# PCA analysis of VGGish features
Follow VGGish script to extract features from each set of recordings and sites. For each 0.96s an 128 feature embedding will have been extracted. These relate to various features in the spectrogram.

To model this data, dimensionality reduction is required. From prerequisite studies (UMAP vs PCA), UMAP excelled in visualisation. However, performed badly and the model residuals were all over the place. PCA to three components captured the majority of variation, and the model tests were much better aligned.

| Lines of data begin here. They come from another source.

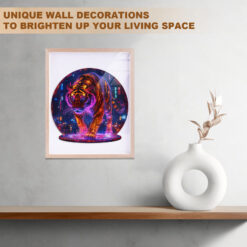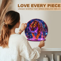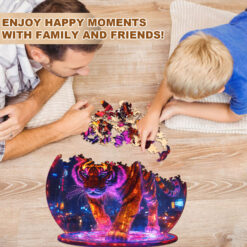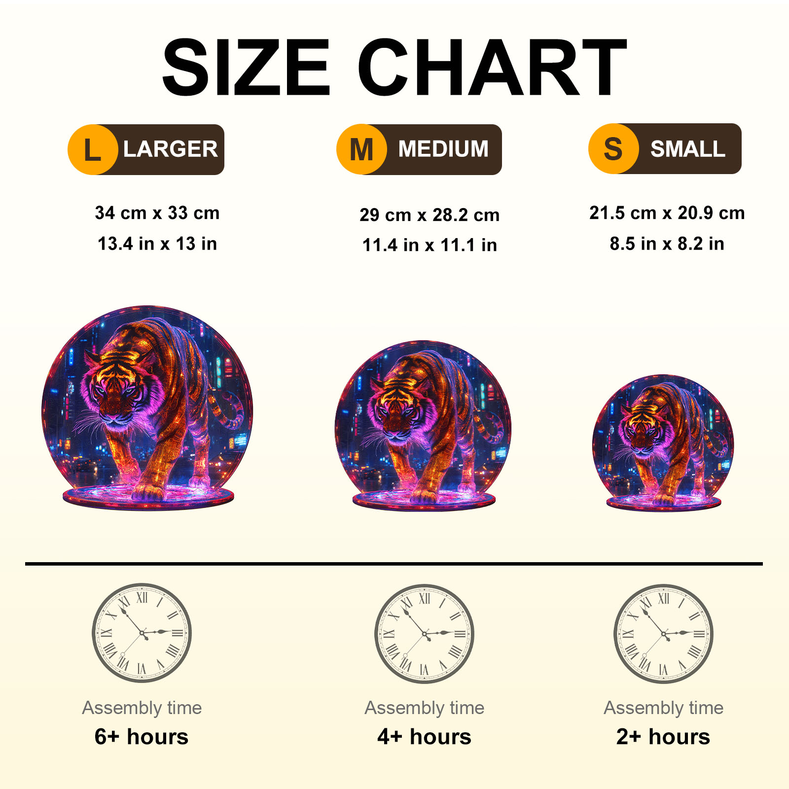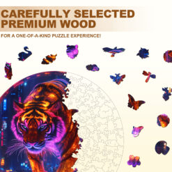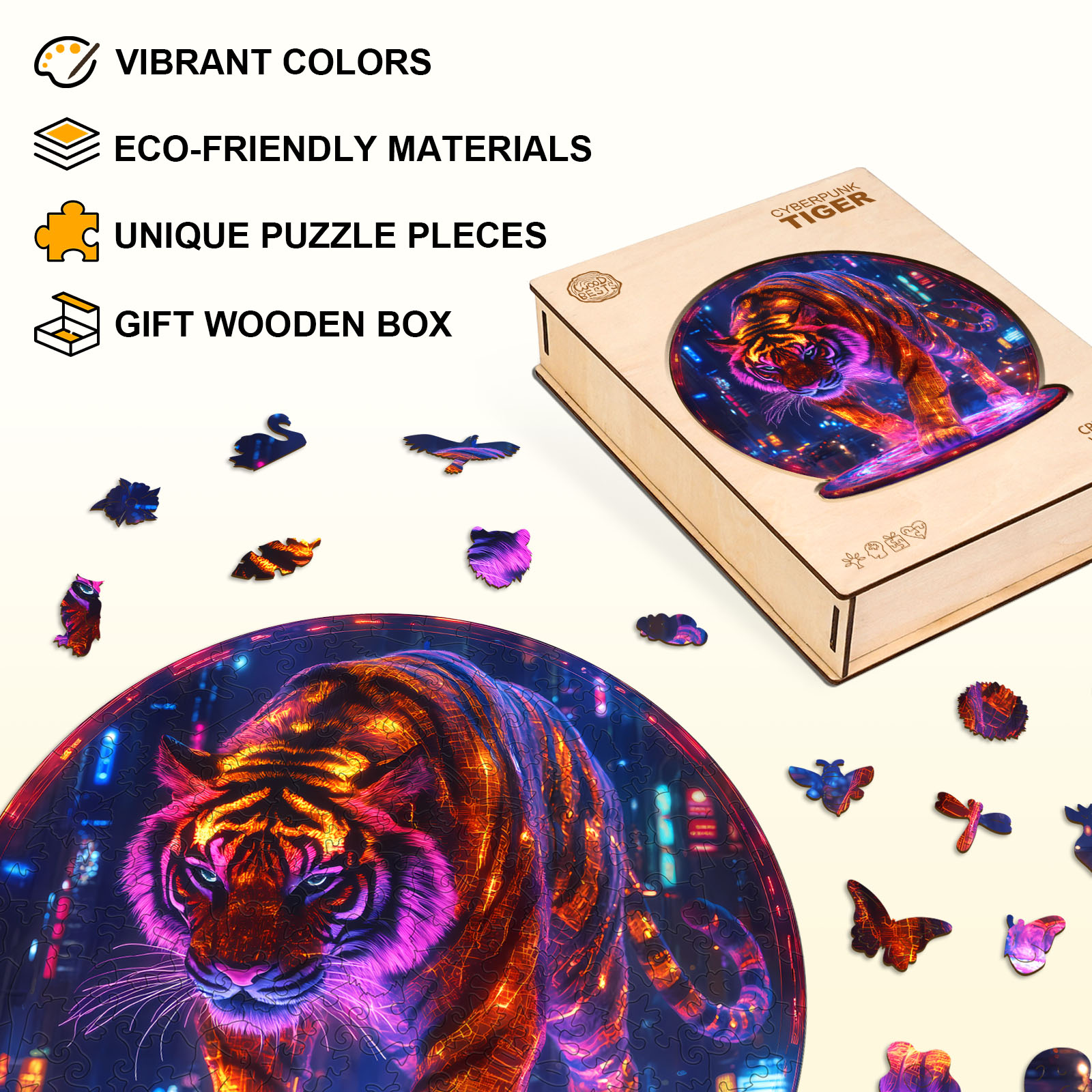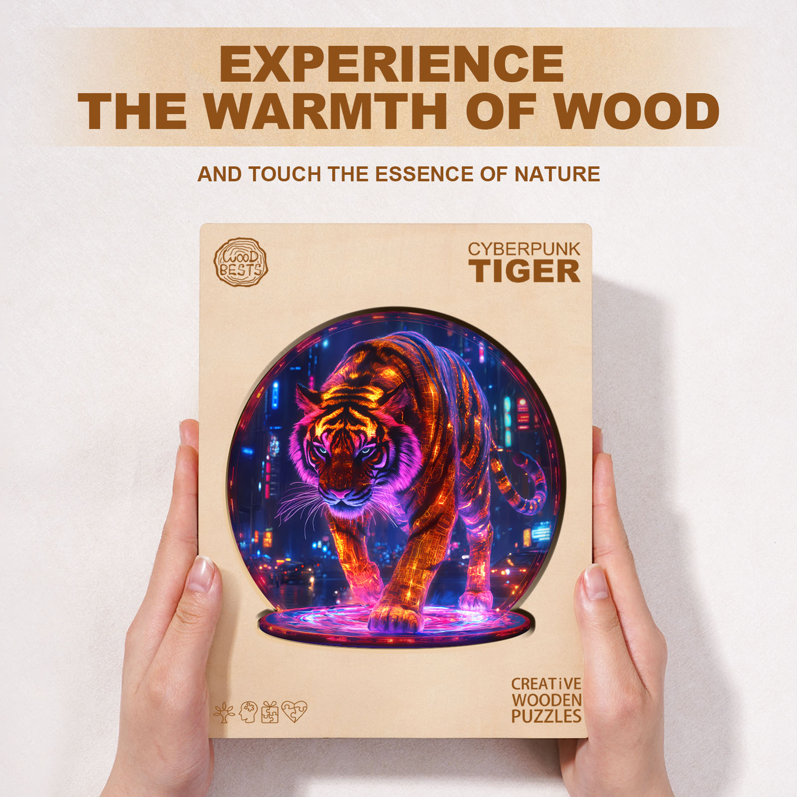 This captivating Kaayee wooden puzzle features a striking, futuristic tiger in a neon-lit, cyberpunk cityscape. The tiger glows with vibrant orange and purple light, its form appearing almost digital against the blurred backdrop of towering skyscrapers and bright signs. The puzzle is designed with a unique circular shape, and its wooden pieces are intricately cut to follow the contours of this dynamic scene. This puzzle is a perfect choice for those who love modern, imaginative art and want a unique and visually thrilling challenge.
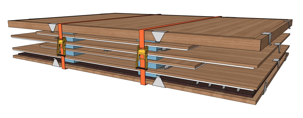 - Удобная логистика. Компактные габариты в транспортном положении (штабель 2х3х0,5 м) позволяют перевозить быстросборный модуль любым грузовым автомобилем или прицепом.
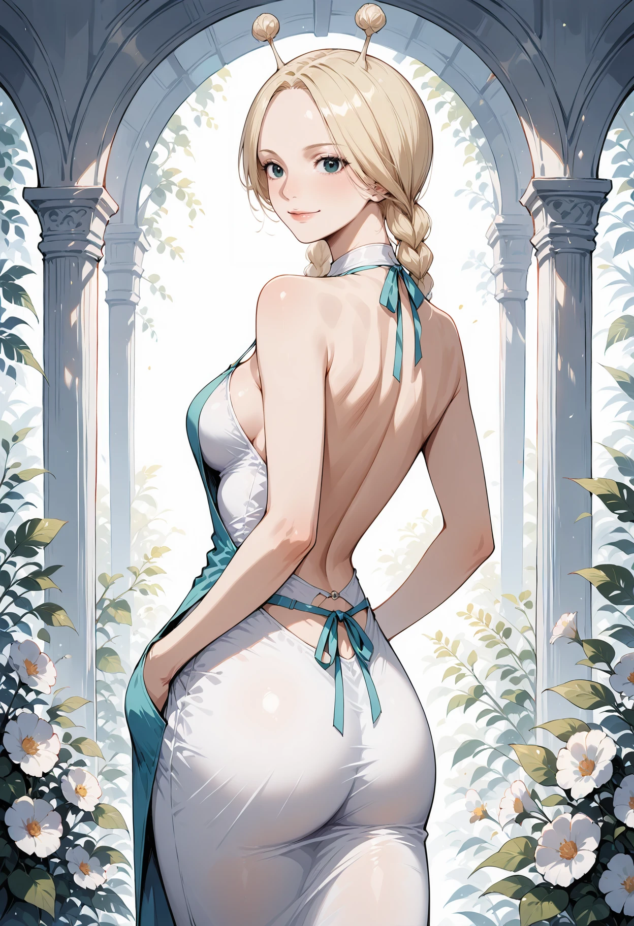 Appearance: 1girl,green eyes,black eyes,blue eyes,blonde hair,hair bun,long hair,braid,single hair bun,twintails,twin braids,antennae
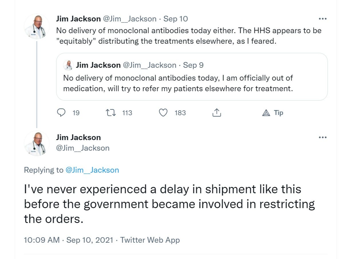 and, inevitably, you get a total fail because there is nothing government is better at providing or distributing than the private sector is. if you need to get bottled water to a hurricane zone, who would you trust? FEMA or walmart? it’s not even close. and this is why the government assuming control of distribution of antibody infusions is going to be so dangerous: the best you can expect is incompetence and inability to read or respond to market signals.
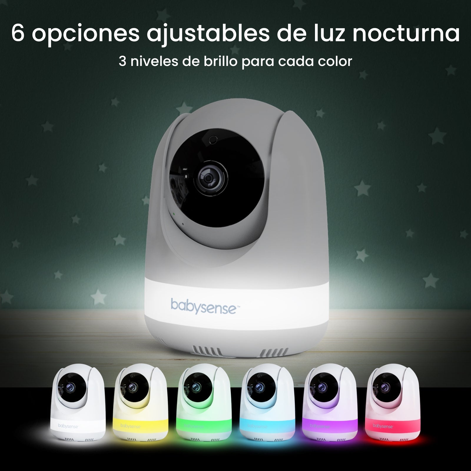 - Cámaras con luz nocturna RGB de 6 colores: Personalice un ambiente relajante con seis colores calmantes de luz nocturna para ayudar a su bebé a dormir plácidamente.
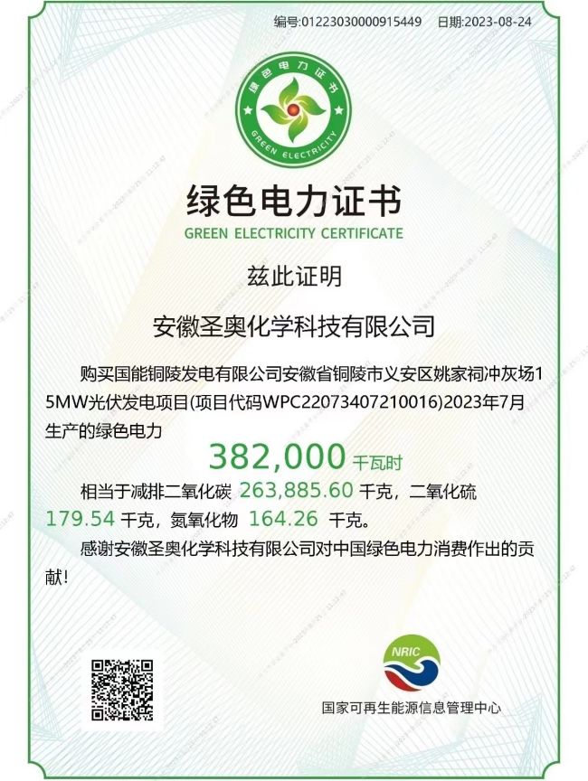 安徽圣奥获得国家可再生能源信息管理中心核发的绿色电力证书,成为安徽省首批使用绿电企业
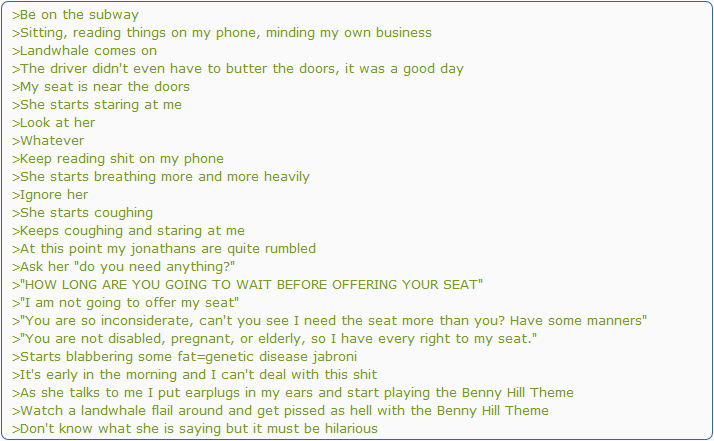 Waatch a landwhale flail around and get pissed as hell with the Benny Hill Theme
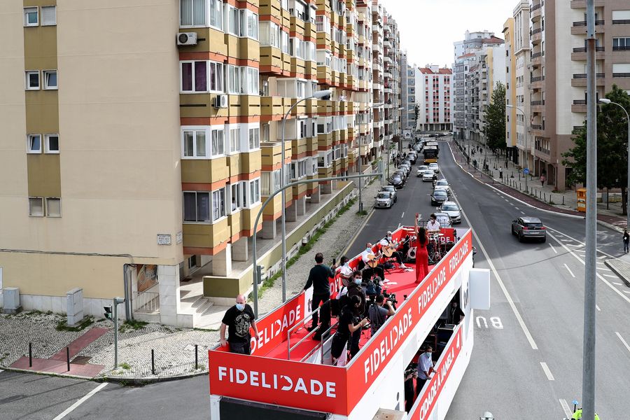 Portuguese fado singer Cuca Roseta performs at a live concert on top of a vehicle running through streets in Lisbon, Portugal, May 1, 2020, amid the COVID-19 pandemic. (Photo by Pedro Fiuza/Xinhua)
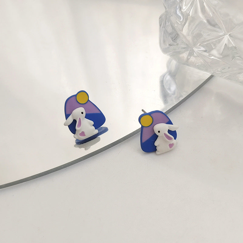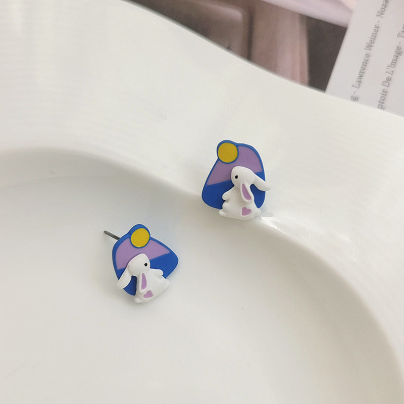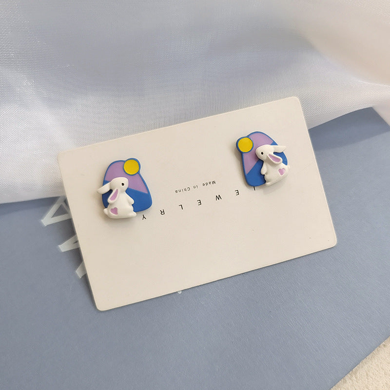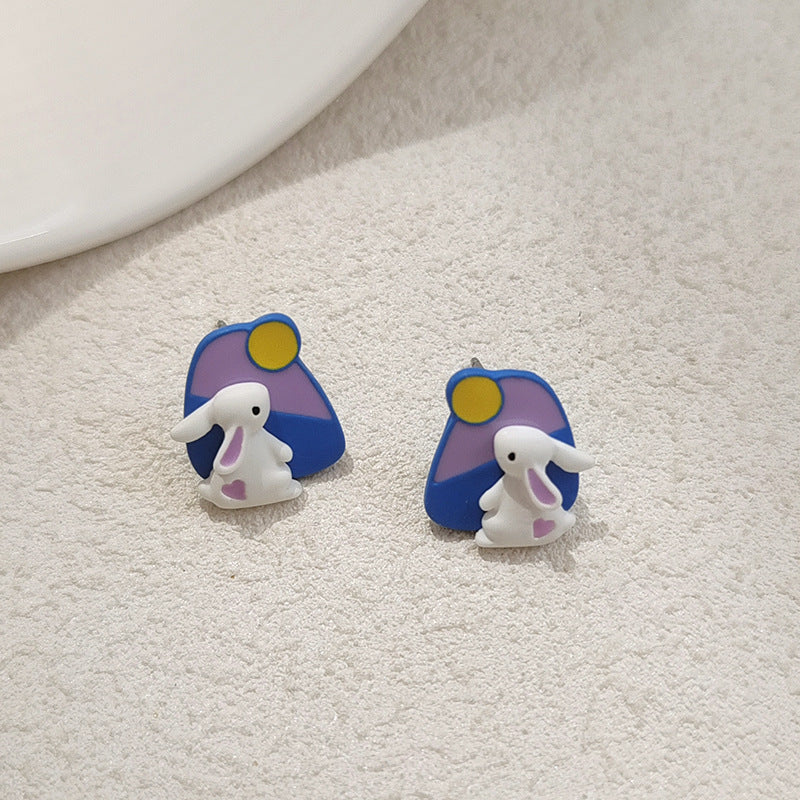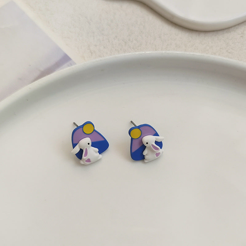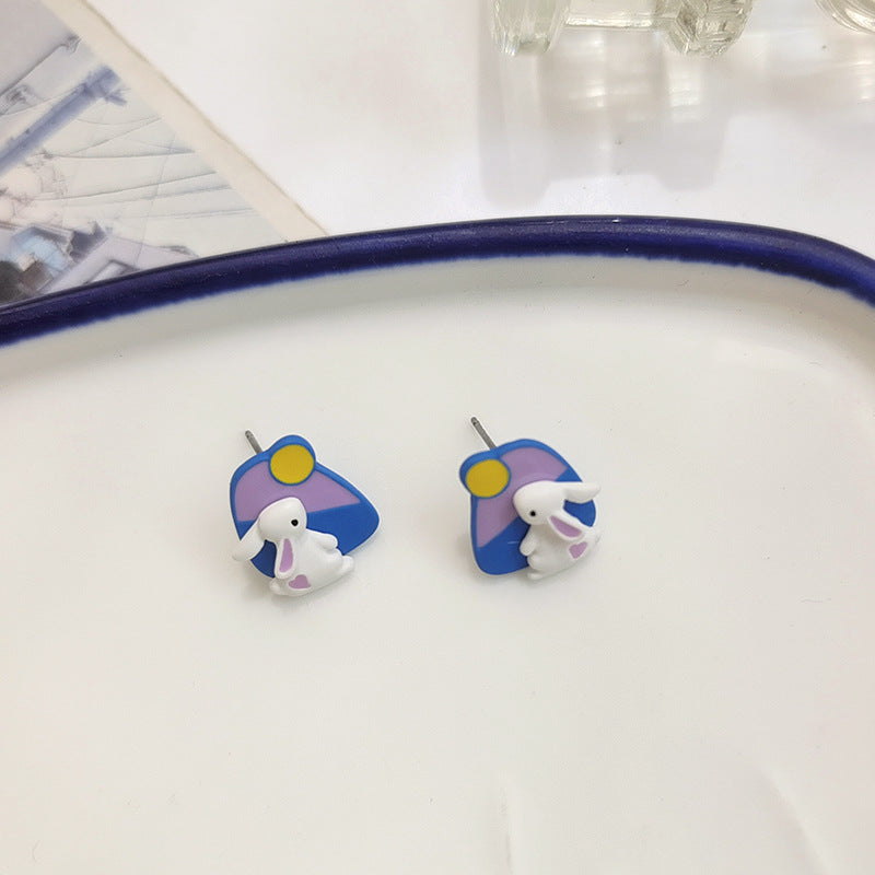 BM6816原創設計可愛撞色立體小白兔S925銀針耳釘2023.05.23

After you have all the vggish features sorted, with time and date, into separate csv files move onto this notebook.

Here we first combine the VGGish features into one DF, then drop the non-numeric columns, carry out PCA analysis, then add non-numeric columns back on.

In [None]:
import os
import pandas as pd
import numpy as np
import matplotlib.pyplot as plt
from sklearn.preprocessing import StandardScaler
from sklearn.decomposition import PCA
from sklearn.preprocessing import MinMaxScaler

In [None]:
# Function to read all mean CSV files and combine them into a single DataFrame
def combine_mean_csv_files(folder_path):
    # Create an empty list to store the DataFrames
    dfs = []

    # Iterate through files in the folder
    for filename in os.listdir(folder_path):
        if filename.endswith('_mean.csv'):
            file_path = os.path.join(folder_path, filename)
            
            # Read the CSV file into a DataFrame
            mean_df = pd.read_csv(file_path)
            
            # Append the DataFrame to the list
            dfs.append(mean_df)

    # Concatenate all DataFrames into a single DataFrame
    combined_df = pd.concat(dfs, ignore_index=True)
    return combined_df

# Specify the folder path where the mean CSV files are located
mean_folder_path = '/mean_folder/'

# Combine all mean CSV files into one big DataFrame
big_df = combine_mean_csv_files(mean_folder_path)

# Display the resulting DataFrame
print(big_df)

# Create the output folder to save the files if it doesn't exist
output_folder = '/mean_combined/'
os.makedirs(output_folder, exist_ok=True)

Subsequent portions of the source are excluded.